The story of Jane Goodall's observations got me to thinking about my own addictive behavior in choosing hiking destinations with waterfalls, or views of rapids, there being some kind of unconscious compulsion to repeat the experience of being near rushing water. Being a native of the coastal region, I didn't really develop this until my 30s but it has been a factor ever since. Not that I have devoted a moment's conscious thought to preferring trails involving waterfalls, or self-talk about "waterfalls are beautiful" -- it's WAY more primitive and elemental than that. There is just a certain feeling, emotional but very visceral, aroused by the very thought of hiking to a waterfall or major rapids, a kind of vicarious sense of being swept along by the power and the beauty. Even just hearing that a newly opened trail has a waterfall on it evokes a thrill. Being in a kayak in whitewater makes this an actual physical experience instead of a vicarious one, but it's also very primitive and pre-linguistic-- "oh wow" is about as complicated as my thought process ever gets in such settings.
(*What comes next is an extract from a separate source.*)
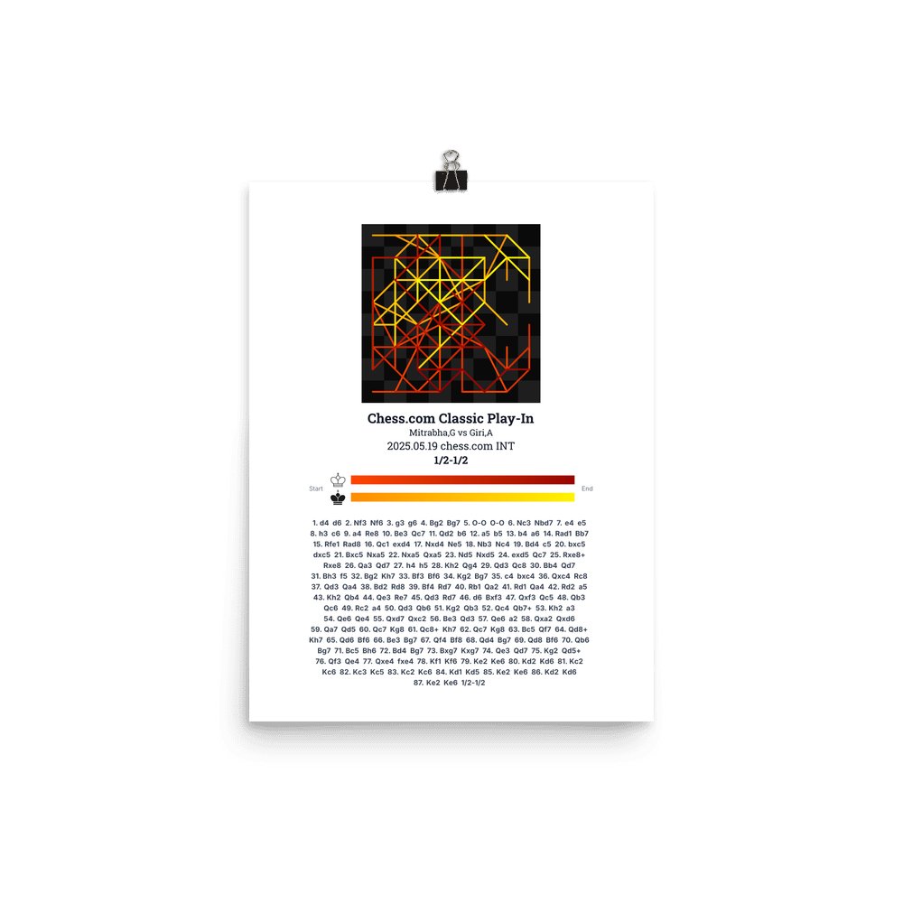 Museum-quality poster on thick, durable matte paper. A sharp, clean look for any chess visualisation.

So multiply me by hundreds of other men and women up and down the Blue Ridge, or hundreds of thousands of people in other mountain regions around the world, hiking to gawk at waterfalls every weekend to say "oh, wow." It's not church, there's no Bible or hymnal, but at some deep level humans are responding to the same urges those Gombe chimps are at their waterfall. Is it religious? Proto-religious? There is a definite sense of pilgrimage to a sacred place, and in light of the Schaefer and de Waal theories, it is easy enough to envision some kind of continuity between human and animal behavior in such settings.

So your suggestion that the chimps were "awed" by a sense of the power, as well as the beauty, of the waterfall appeals to me a lot.

okasha

(11,573 posts)
6. Splitting my response because the phone gets hinky with long posts.
Sat Jan 31, 2015, 09:42 PM
Jan 2015

I would also argue that morality is pre-human. Konrad Lorenz did some good work on this, but the haunting narrative that most exemplifies this was Robert Ardrey's repetition of an incident reported by George Schaller.

A South African farmer shot an elephant in a herd whose range included his property. He did not see that elephant again, and assumed he'd killed her. Weeks later, the herd returned. In the lead, the matriarch carried an elephant shall, which she laid down in sight of the farmer, then led her sisters and daughters away.

At a minimum, this incident constellates the ideas of accusation, guilt, and recognition of wrongdoing by the aggrieved, who are, in this case, not only non-human but non-primates. In turns, this raises not only the question of the origin of abstract moral thinking but puts that morality in the context of a ritualized, embodied response.